Oct 20 (Reuters) - The following were the top stories in The Wall Street Journal on Thursday. Reuters has not verified these stories and does not vouch for their accuracy.
* The SEC is examining whether SAC Capital Advisors improperly profited from trades made before the takeover of Cougar Biotechnology by Johnson & Johnson was announced in 2009.
* Under pressure to revive UBS’s fortunes and help the firm recover from a rogue-trading scandal, the Swiss bank’s interim chief is preparing to shrink its once high-flying investment-banking unit.
* While many American and European manufacturers moved production to low-wage countries, British industrial giant Rolls-Royce has taken a contrarian course. It gravitates to high-wage hotspots.
* Doubts grew about the effectiveness of a key proposal for stemming Europe’s deepening debt crisis as it emerged that officials have ruled out a plan for the euro zone’s bailout fund to directly guarantee bond issues.
* Groupon is scaling back plans due to market volatility. It is now expected to seek a valuation of less $12.5 billion, down from roughly $20 billion.
* Silver Lake Partners is working with one of its investors, the Canada Pension Plan Investment Board, and Microsoft to put together a proposal to buy Yahoo .
* Thomas Peterffy, chief executive of Interactive Brokers Group Inc , says computer-driven high-speed trading firms have made the market less efficient-and less safe.

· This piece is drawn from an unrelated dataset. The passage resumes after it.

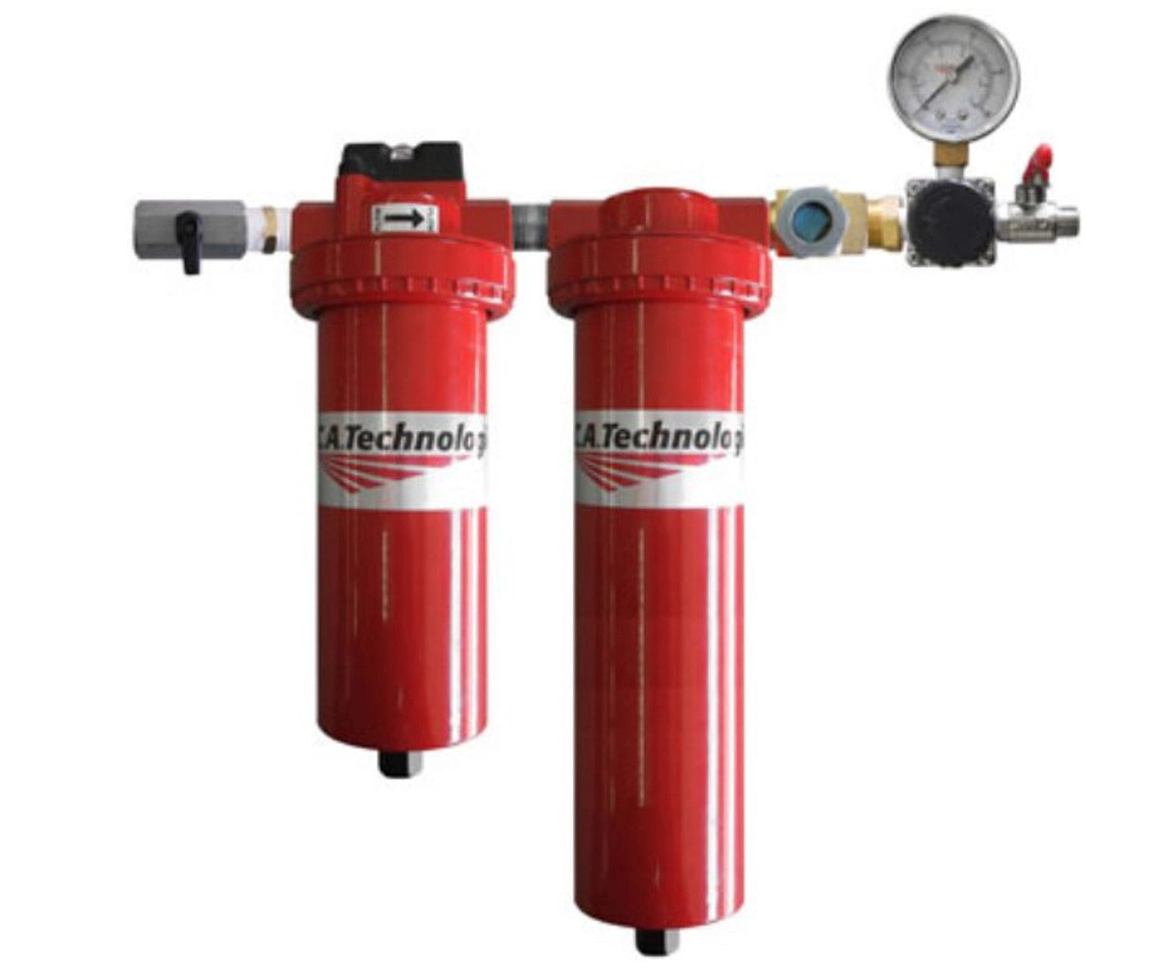 C.A. Technologies part 52-531 Air Filter Dryer. This unit is a point of use two-stage oil/water filter with a desiccant drying cartridge for single gun painting operations where dry clean air is critical, such as automobile or fine wood finishing. The desiccant unit has an indicator to show when the unit is saturated and needs replacement. The unit comes with a ball valve at the inlet and a regulator for single gun regulation. This is what all fine finishers should have. Maximum flow is 25 SCFM and rated to one (1) micron.

* Asian shares fell as concerns over Europe’s ability to come up with a credible fix to the euro zone debt crisis shook confidence, with Sydney slipping to a two-week low. The Nikkei dropped 1 percent.
* Daimler AG dismissed the chief of its U.S. Mercedes-Benz operations earlier this week over the company’s allegations he paid for personal expenditures with company money, according to people familiar with the matter.

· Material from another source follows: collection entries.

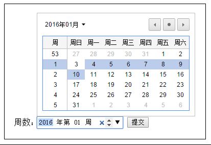 說明:顯示一個可選擇年數、周數的日歷控件。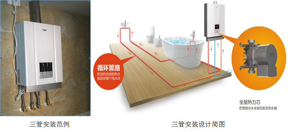 热水器安装材料会根据安装场所的管路布局不同而有所差别,以安装X7中央热水系统为例,未预留热水循环管路的安装户型(双管布局),在安装时须加装随机配件easy热力门,而安装easy热力门也会增加相应的管路配件,因此所需的安装费用相对三管安装有所增加。
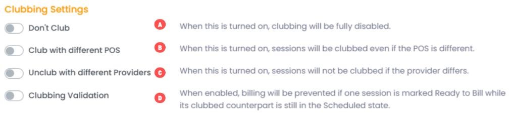 - Clubbing validation - When enabled, clubbing validation checks for related sessions that should be billed together. If you attempt to process a claim while a related session is still in a “Scheduled” status (i.e., not yet rendered), the system will show an alert.

* Wall Street’s total price tag on settlements with U.S. securities regulators for allegedly misleading investors about mortgage bonds churned out ahead of the financial crisis surged past $1 billion with a deal by Citigroup Inc to pay $285 million.
* Labor dispute talks between the NBA and its players union will continue into Thursday, said federal mediator George Cohen, following two marathon mediation sessions.
* Abbott Laboratories will split its drugs and medical products businesses into separate publicly traded companies in the face of growing pricing pressure and looming patent expirations in the challenging pharmaceutical sector.
* Testimony at a parliamentary hearing on Wednesday raised new questions about the evidence News Corp Deputy Chief Operating Officer James Murdoch has given lawmakers in an ongoing phone-hacking inquiry, a development that came just days ahead of a shareholder vote over governance at the company.
* Morgan Stanley reported a $2.15 billion third-quarter profit and provided more details than ever before about its exposure to troubled European debt.
* After securing a contract at Ford Motor Co for about 41,000 workers, the United Auto Workers union is turning its attention to winning ratification at Chrysler Group LLC, the last of the Detroit Three auto makers to accept a proposed agreement.